This helper function returns the prototype of the input data set expected by the recipe object.
Details
The returned ptype is a tibble of the data set that the recipe object is
expecting. The specifics of which columns depend on the stage
.
At prep()
time, when stage = "prep"
, the ptype is the data passed to
recipe()
. The following code chunk represents a possible recipe scenario.

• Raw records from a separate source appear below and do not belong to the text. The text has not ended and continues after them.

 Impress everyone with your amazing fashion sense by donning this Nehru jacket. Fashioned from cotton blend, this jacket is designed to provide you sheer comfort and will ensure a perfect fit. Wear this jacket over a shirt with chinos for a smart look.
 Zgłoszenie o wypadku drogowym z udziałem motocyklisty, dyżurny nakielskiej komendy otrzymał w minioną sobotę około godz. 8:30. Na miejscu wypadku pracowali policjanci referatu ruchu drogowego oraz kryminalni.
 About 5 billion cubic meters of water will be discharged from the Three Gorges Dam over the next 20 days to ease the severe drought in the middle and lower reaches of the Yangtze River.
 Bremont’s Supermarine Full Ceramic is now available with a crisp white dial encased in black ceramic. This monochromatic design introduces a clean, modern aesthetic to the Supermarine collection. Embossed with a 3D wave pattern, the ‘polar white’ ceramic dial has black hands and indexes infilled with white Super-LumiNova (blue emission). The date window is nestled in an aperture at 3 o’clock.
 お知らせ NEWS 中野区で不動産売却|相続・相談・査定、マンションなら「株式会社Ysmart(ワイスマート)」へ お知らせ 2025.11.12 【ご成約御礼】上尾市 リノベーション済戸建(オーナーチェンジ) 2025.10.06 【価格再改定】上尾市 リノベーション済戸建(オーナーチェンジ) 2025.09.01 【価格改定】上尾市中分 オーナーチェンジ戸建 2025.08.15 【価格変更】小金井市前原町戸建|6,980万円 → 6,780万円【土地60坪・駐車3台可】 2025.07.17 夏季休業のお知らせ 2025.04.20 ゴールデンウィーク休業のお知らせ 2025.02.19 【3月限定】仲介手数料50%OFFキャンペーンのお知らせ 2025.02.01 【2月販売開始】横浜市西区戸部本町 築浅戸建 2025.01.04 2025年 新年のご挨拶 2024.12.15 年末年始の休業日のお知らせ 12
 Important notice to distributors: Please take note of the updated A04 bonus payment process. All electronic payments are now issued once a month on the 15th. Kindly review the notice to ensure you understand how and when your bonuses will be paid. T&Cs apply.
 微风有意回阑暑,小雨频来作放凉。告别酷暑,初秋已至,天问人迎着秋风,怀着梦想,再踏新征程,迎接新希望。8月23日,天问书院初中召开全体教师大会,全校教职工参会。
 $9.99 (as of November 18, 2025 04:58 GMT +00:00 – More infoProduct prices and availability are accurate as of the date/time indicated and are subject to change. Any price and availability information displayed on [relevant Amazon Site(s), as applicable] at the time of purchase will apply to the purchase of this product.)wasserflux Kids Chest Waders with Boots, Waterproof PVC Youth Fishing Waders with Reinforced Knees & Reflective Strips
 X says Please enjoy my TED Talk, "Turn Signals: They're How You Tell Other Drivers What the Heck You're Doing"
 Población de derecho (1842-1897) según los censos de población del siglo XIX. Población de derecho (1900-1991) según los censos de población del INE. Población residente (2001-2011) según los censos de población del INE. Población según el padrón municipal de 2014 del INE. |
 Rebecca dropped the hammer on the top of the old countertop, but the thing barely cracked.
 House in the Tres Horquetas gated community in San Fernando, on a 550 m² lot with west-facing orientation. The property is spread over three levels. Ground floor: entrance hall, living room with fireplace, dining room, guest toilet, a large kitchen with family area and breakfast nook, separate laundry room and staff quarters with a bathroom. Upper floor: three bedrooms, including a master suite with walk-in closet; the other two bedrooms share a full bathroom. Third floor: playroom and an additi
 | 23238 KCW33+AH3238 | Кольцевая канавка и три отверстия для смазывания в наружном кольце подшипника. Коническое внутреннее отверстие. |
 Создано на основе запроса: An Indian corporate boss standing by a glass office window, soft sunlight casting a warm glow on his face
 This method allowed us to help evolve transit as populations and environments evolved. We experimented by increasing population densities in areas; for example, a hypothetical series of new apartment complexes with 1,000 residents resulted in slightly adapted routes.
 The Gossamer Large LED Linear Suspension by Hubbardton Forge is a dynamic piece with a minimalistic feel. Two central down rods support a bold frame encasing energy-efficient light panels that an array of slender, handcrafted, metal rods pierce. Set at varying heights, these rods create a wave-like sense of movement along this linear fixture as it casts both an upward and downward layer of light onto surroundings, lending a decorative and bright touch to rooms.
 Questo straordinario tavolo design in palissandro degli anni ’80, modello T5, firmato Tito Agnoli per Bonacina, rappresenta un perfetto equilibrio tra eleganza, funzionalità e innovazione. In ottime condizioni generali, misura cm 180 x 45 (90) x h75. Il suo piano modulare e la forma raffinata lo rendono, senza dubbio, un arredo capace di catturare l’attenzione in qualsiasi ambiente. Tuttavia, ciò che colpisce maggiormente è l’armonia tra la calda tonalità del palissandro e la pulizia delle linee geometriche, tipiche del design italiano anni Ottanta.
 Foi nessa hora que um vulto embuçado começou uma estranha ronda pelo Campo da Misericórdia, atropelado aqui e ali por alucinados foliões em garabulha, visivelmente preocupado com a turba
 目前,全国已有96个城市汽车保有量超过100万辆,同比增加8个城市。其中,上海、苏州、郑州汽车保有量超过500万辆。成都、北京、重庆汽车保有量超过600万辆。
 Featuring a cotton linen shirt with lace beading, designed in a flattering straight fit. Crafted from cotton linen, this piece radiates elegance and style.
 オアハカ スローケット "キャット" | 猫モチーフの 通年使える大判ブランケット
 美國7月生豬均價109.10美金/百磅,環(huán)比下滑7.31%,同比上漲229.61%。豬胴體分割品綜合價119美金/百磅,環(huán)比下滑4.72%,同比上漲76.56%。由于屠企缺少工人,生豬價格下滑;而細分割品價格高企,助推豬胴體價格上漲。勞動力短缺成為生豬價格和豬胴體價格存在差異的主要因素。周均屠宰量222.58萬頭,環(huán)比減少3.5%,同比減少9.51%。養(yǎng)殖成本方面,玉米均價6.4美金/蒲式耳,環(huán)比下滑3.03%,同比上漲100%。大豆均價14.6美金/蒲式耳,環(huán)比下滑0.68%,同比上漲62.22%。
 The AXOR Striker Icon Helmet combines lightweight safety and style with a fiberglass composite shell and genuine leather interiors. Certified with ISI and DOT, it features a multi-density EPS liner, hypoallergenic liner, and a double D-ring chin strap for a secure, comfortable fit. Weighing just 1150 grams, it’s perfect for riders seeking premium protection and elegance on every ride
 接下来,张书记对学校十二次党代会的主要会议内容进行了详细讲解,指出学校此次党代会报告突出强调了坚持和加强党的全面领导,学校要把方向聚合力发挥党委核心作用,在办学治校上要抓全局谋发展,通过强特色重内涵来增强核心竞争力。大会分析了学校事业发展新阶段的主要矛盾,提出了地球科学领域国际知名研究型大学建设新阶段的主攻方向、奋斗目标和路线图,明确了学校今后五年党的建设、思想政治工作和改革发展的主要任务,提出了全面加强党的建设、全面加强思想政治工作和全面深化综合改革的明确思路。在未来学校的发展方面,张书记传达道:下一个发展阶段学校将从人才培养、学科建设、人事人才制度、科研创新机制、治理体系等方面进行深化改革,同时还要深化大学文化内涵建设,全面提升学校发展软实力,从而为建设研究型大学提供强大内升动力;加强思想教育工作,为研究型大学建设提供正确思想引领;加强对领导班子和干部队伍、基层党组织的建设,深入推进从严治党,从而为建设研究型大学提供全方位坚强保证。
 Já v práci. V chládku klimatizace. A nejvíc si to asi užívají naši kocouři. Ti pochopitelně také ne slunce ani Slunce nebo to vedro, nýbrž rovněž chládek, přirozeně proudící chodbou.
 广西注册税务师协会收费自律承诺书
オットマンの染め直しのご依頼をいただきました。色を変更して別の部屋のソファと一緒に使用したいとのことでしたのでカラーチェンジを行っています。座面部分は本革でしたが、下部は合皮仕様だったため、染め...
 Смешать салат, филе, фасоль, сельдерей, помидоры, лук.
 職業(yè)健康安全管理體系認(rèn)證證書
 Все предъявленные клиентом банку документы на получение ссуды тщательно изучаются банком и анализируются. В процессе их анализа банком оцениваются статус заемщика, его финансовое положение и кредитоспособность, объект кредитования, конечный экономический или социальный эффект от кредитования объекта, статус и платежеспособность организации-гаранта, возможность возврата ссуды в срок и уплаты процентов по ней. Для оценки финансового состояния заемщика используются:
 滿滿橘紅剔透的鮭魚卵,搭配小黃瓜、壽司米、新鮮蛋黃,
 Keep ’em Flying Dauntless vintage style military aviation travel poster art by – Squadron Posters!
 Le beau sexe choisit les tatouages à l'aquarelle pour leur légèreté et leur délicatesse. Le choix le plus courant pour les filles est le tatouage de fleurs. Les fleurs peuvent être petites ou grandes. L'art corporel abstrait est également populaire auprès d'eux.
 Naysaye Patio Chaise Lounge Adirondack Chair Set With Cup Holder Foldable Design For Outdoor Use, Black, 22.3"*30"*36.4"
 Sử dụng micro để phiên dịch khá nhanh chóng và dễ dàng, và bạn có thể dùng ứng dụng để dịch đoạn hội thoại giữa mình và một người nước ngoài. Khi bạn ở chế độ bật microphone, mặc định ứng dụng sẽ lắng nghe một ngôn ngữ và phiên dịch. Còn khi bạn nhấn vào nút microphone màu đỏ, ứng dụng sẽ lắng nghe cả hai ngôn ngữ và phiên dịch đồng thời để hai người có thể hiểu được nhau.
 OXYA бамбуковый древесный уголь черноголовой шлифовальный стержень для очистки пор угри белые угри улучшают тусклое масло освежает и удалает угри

recipes_ptype(rec_spec, stage = "prep")
and
recipes_ptype(rec_prep, stage = "prep")
both return a ptype tibble
corresponding to data_ptype
. This information is used internally in
prep()
to verify that data_training
has the right columns with the right
types.
rec_spec <- recipe(outcome ~ ., data = data_ptype) %>%
step_normalize(all_numeric_predictors()) %>%
step_dummy(all_nominal_predictors())
rec_prep <- prep(rec_spec, training = data_training)
At bake()
time, when stage = "bake"
, the ptype represents the data
that are required for bake()
to run.
data_bake <- bake(rec_prep, new_data = data_testing)
What this means in practice is that unless otherwise specified, everything
but outcomes and case weights are required. These requirements can be changed
with update_role_requirements()
, and recipes_ptype()
respects those
changes.
recipes_ptype()
returns NULL
on recipes created prior to version 1.1.0.
Note that the order of the columns aren't guaranteed to align with
data_ptype
as the data internally is ordered according to roles.
Examples
training <- tibble(
y = 1:10,
id = 1:10,
x1 = letters[1:10],
x2 = factor(letters[1:10]),
cw = hardhat::importance_weights(1:10)
)
training
#> # A tibble: 10 × 5
#> y id x1 x2 cw
#> <int> <int> <chr> <fct> <imp_wts>
#> 1 1 1 a a 1
#> 2 2 2 b b 2
#> 3 3 3 c c 3
#> 4 4 4 d d 4
#> 5 5 5 e e 5
#> 6 6 6 f f 6
#> 7 7 7 g g 7
#> 8 8 8 h h 8
#> 9 9 9 i i 9
#> 10 10 10 j j 10
rec_spec <- recipe(y ~ ., data = training)
# outcomes and case_weights are not required at bake time
recipes_ptype(rec_spec, stage = "prep")
#> # A tibble: 0 × 5
#> # ℹ 5 variables: id <int>, x1 <chr>, x2 <fct>, cw <imp_wts>, y <int>
recipes_ptype(rec_spec, stage = "bake")
#> # A tibble: 0 × 3
#> # ℹ 3 variables: id <int>, x1 <chr>, x2 <fct>
rec_spec <- recipe(y ~ ., data = training) %>%
update_role(x1, new_role = "id")
# outcomes and case_weights are not required at bake time
# "id" column is assumed to be needed
recipes_ptype(rec_spec, stage = "prep")
#> # A tibble: 0 × 5
#> # ℹ 5 variables: id <int>, x1 <chr>, x2 <fct>, cw <imp_wts>, y <int>
recipes_ptype(rec_spec, stage = "bake")
#> # A tibble: 0 × 3
#> # ℹ 3 variables: id <int>, x1 <chr>, x2 <fct>
rec_spec <- recipe(y ~ ., data = training) %>%
update_role(x1, new_role = "id") %>%
update_role_requirements("id", bake = FALSE)
# update_role_requirements() is used to specify that "id" isn't needed
recipes_ptype(rec_spec, stage = "prep")
#> # A tibble: 0 × 5
#> # ℹ 5 variables: id <int>, x1 <chr>, x2 <fct>, cw <imp_wts>, y <int>
recipes_ptype(rec_spec, stage = "bake")
#> # A tibble: 0 × 2
#> # ℹ 2 variables: id <int>, x2 <fct>